Однако, пройдя с версту, мы очутились в самой настоящей негритянской деревушке, которая была бы к месту где-нибудь в дебрях Африки. Хижины из тростника и пальмовых листьев разбросались тут в причудливом беспорядке, без всякого намека на улицы; кое-где среди них виднелись жилища, видимо, местной аристократии, сооруженные из ящичных досок и расклепанных жестянок. Землю покрывала ярко- зеленая трава, в которой пестрели красные, белые и синие цветы, видом похожие на европейские вьюнки, но размером с тарелку. Поселок тонул в зарослях пальм различных сортов: на одних висели кокосовые орехи, на других нечто вроде дынь, на третьих огромные гроздья каких-то желтых шариков, на четвертых что-то похожее на плоды чинары, но с человеческую голову величиной.
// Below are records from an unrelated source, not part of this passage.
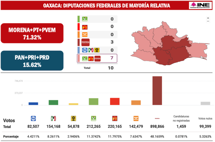 El porcentaje de votos de la alianza morenista también es impresionante en Oaxaca, donde sumó el 71.32 por ciento de los sufragios, al llevarse los 10 triunfos en los 10 distritos de Mayoría Relativa. La oposición apenas alcanzó un porcentaje del 15.62 por ciento. En Oaxaca, por separado, Morena tuvo un 48.16 por ciento de los sufragios, en tanto que el PT y el PVEM sumaron, cada uno de manera individual, poco más del 11 por ciento.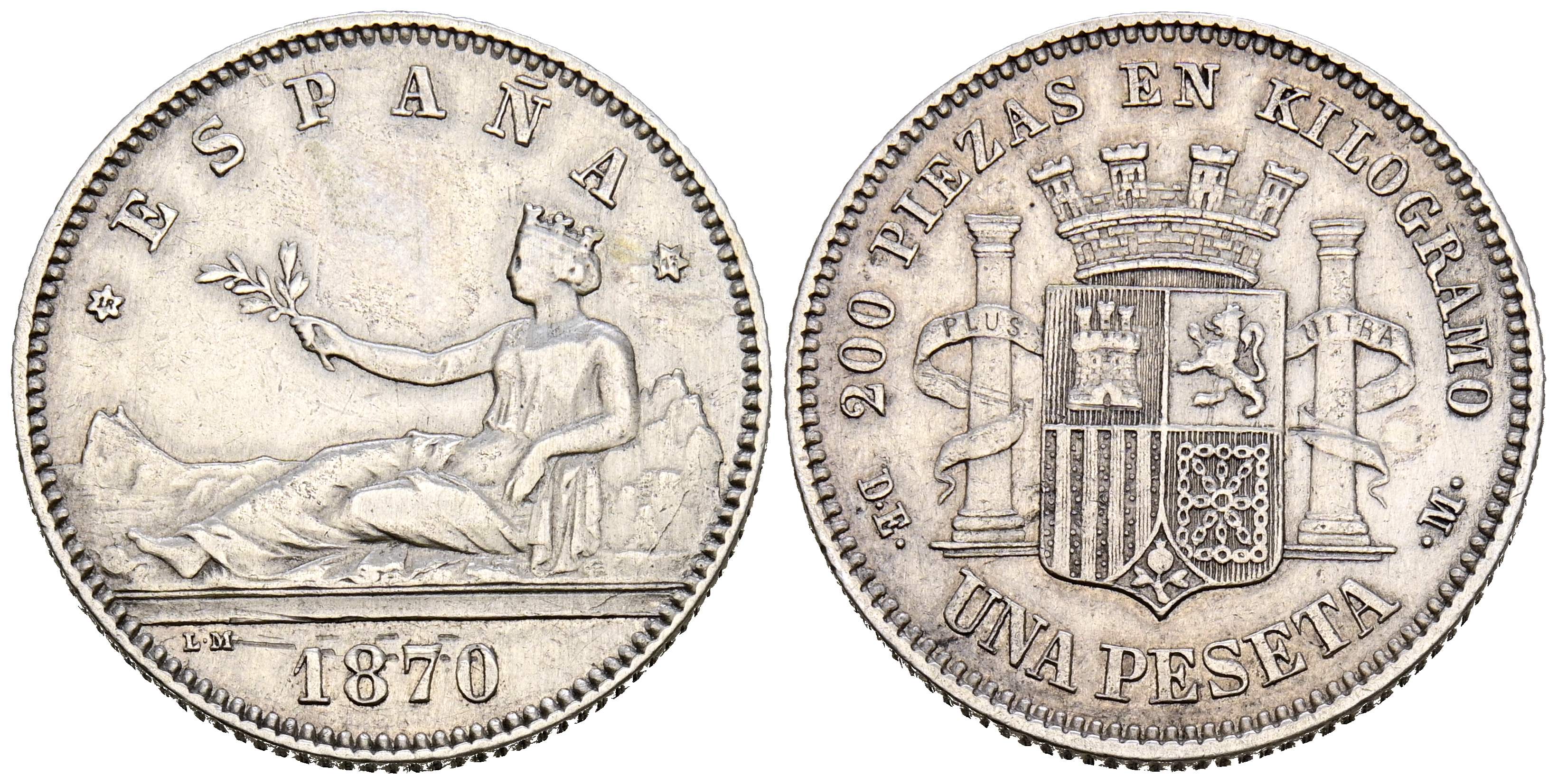 PROVISIONAL GOVERNMENT (1868-1871). 1 Peseta. (Ar. 4.92g/23mm). 1870 *18-73. Madrid DEM. (Cal-2019-19). VF. Stars perfectly visible.
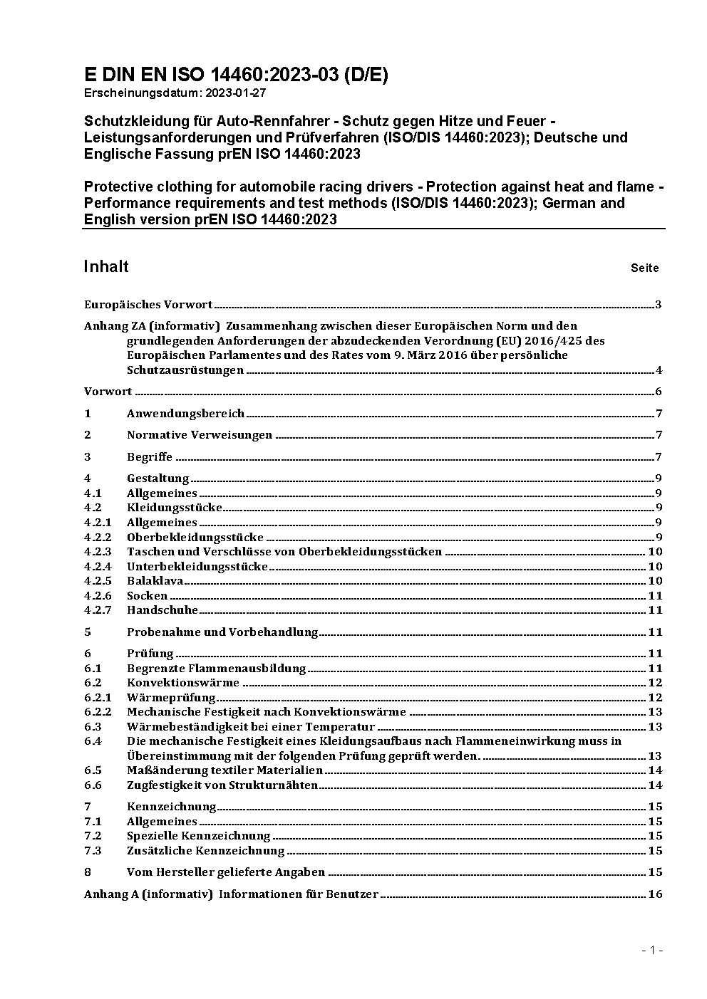 Protective clothing for automobile racing drivers - Performance requirements and test methods (ISO/DIS 14460:1996); German version prEN ISO 14460:1996
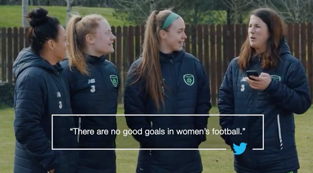 Taking time out from preparing for the upcoming World Cup qualifiers against Slovakia and a top of the table clash with the Netherlands, the internationals can be seen together taking the comments in good humour and dismissing the negative sentiments surrounding women’s football.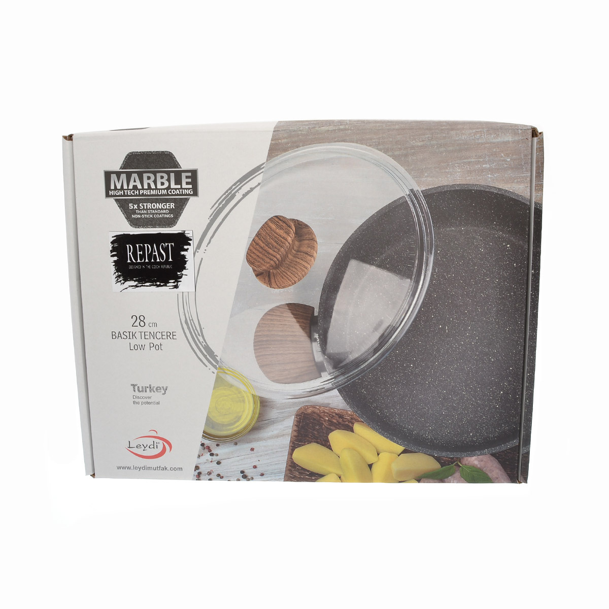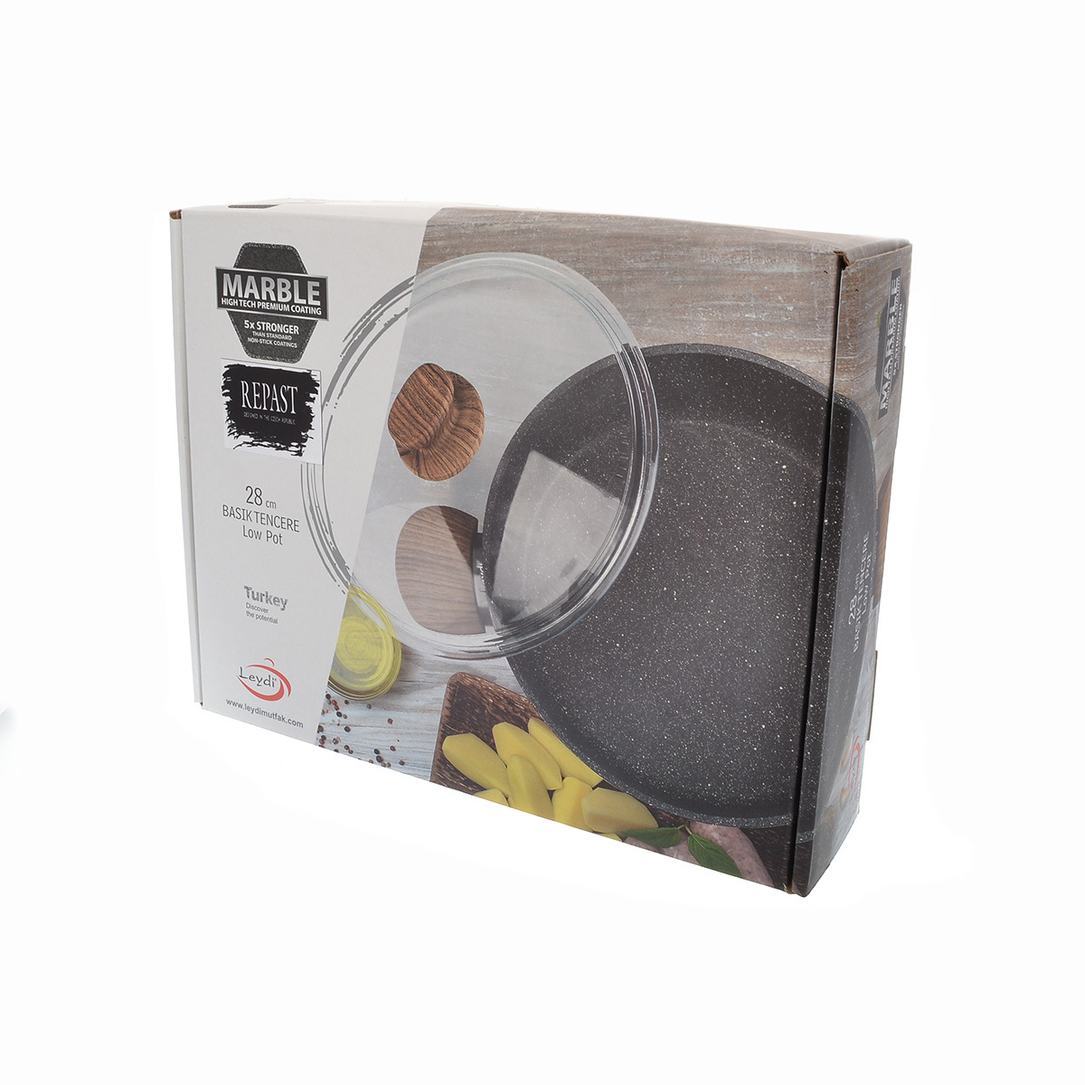 Жаровня со стеклянной крышкой с внутренним и внешним антипригарным покрытием и металлическими ручками «под золото» - это возможность продемонстрировать все свои кулинарные способности. В ней можно запекать, жарить, тушить, томить, варить… Наша новинка имеет многослойное антипригарное покрытие, которое обуславливает не только высокие антипригарные качества и удобство использования, но и минимизацию использования масла. Жаровни, кастрюли, сковородки и наборы качественной посуды для приготовления разнообразных блюд представляет торговая марка из Турции Repast!

Из каждой хижины при нашем приближении высыпала куча полуголых негров, которые долго провожали нас глазами, — видно белый человек забредал сюда нечасто. Толпа негритят бежала за нами всю дорогу, что-то лопоча и протягивая черные лапки за подачкой.
Нас так захватила эта неожиданная экзотика, что мы не хотели поворачивать обратно и продолжали двигаться прямо. Наконец деревушка осталась позади, деревья тоже поредели, и мы увидели перед собой довольно широкую реку. На ее противоположном берегу раскинулся город. Чуть в стороне от нас виднелся железнодорожный мост, без перил и почти без всякого настила, — никакой иной возможности попасть отсюда на другой берег, по-видимому, не было. В начале мы не отваживались на такое путешествие, боясь, что посреди реки нас может настигнуть поезд, но заметив, что группа негров подошла к мосту и спокойно зашагала по шпалам, мы последовали их примеру и вполне благополучно совершили переправу.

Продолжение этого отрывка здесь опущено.